Exercise directions: An exact copy of every entry below is needed.

━━━━━━━━

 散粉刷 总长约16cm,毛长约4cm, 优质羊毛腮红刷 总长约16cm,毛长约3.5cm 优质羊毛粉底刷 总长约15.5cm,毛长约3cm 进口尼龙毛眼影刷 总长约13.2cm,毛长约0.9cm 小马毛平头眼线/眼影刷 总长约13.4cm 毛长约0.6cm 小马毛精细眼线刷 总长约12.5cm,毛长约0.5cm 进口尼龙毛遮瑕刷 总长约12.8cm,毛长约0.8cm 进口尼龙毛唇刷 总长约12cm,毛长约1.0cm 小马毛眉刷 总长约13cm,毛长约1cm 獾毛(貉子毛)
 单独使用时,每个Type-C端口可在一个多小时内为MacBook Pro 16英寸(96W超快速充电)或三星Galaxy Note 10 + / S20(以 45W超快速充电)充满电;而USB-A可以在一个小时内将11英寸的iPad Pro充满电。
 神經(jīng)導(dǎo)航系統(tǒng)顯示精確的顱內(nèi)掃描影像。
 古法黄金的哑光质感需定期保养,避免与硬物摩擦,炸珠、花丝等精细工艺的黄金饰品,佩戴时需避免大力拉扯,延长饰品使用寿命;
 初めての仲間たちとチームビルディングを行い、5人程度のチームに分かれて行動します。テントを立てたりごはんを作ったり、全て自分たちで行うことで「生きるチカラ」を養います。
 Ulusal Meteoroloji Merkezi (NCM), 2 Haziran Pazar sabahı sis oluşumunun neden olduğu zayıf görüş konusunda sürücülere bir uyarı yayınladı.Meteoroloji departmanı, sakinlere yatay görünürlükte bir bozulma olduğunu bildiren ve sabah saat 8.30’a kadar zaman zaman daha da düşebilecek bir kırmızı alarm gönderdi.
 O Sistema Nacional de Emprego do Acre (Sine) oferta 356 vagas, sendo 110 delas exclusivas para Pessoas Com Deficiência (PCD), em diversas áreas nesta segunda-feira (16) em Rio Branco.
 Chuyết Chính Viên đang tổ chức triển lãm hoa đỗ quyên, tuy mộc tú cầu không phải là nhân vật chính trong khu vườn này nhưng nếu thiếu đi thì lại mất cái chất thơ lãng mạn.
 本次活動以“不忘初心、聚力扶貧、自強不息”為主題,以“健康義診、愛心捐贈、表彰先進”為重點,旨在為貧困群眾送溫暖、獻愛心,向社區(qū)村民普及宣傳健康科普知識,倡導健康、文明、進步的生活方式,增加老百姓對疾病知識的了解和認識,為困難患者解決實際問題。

━━━━━━━━

Task result:
 散粉刷 总长约16cm,毛长约4cm, 优质羊毛腮红刷 总长约16cm,毛长约3.5cm 优质羊毛粉底刷 总长约15.5cm,毛长约3cm 进口尼龙毛眼影刷 总长约13.2cm,毛长约0.9cm 小马毛平头眼线/眼影刷 总长约13.4cm 毛长约0.6cm 小马毛精细眼线刷 总长约12.5cm,毛长约0.5cm 进口尼龙毛遮瑕刷 总长约12.8cm,毛长约0.8cm 进口尼龙毛唇刷 总长约12cm,毛长约1.0cm 小马毛眉刷 总长约13cm,毛长约1cm 獾毛(貉子毛)
 单独使用时,每个Type-C端口可在一个多小时内为MacBook Pro 16英寸(96W超快速充电)或三星Galaxy Note 10 + / S20(以 45W超快速充电)充满电;而USB-A可以在一个小时内将11英寸的iPad Pro充满电。
 神經(jīng)導(dǎo)航系統(tǒng)顯示精確的顱內(nèi)掃描影像。
 古法黄金的哑光质感需定期保养,避免与硬物摩擦,炸珠、花丝等精细工艺的黄金饰品,佩戴时需避免大力拉扯,延长饰品使用寿命;
 初めての仲間たちとチームビルディングを行い、5人程度のチームに分かれて行動します。テントを立てたりごはんを作ったり、全て自分たちで行うことで「生きるチカラ」を養います。
 Ulusal Meteoroloji Merkezi (NCM), 2 Haziran Pazar sabahı sis oluşumunun neden olduğu zayıf görüş konusunda sürücülere bir uyarı yayınladı.Meteoroloji departmanı, sakinlere yatay görünürlükte bir bozulma olduğunu bildiren ve sabah saat 8.30’a kadar zaman zaman daha da düşebilecek bir kırmızı alarm gönderdi.
 O Sistema Nacional de Emprego do Acre (Sine) oferta 356 vagas, sendo 110 delas exclusivas para Pessoas Com Deficiência (PCD), em diversas áreas nesta segunda-feira (16) em Rio Branco.
 Chuyết Chính Viên đang tổ chức triển lãm hoa đỗ quyên, tuy mộc tú cầu không phải là nhân vật chính trong khu vườn này nhưng nếu thiếu đi thì lại mất cái chất thơ lãng mạn.
 本次活動以“不忘初心、聚力扶貧、自強不息”為主題,以“健康義診、愛心捐贈、表彰先進”為重點,旨在為貧困群眾送溫暖、獻愛心,向社區(qū)村民普及宣傳健康科普知識,倡導健康、文明、進步的生活方式,增加老百姓對疾病知識的了解和認識,為困難患者解決實際問題。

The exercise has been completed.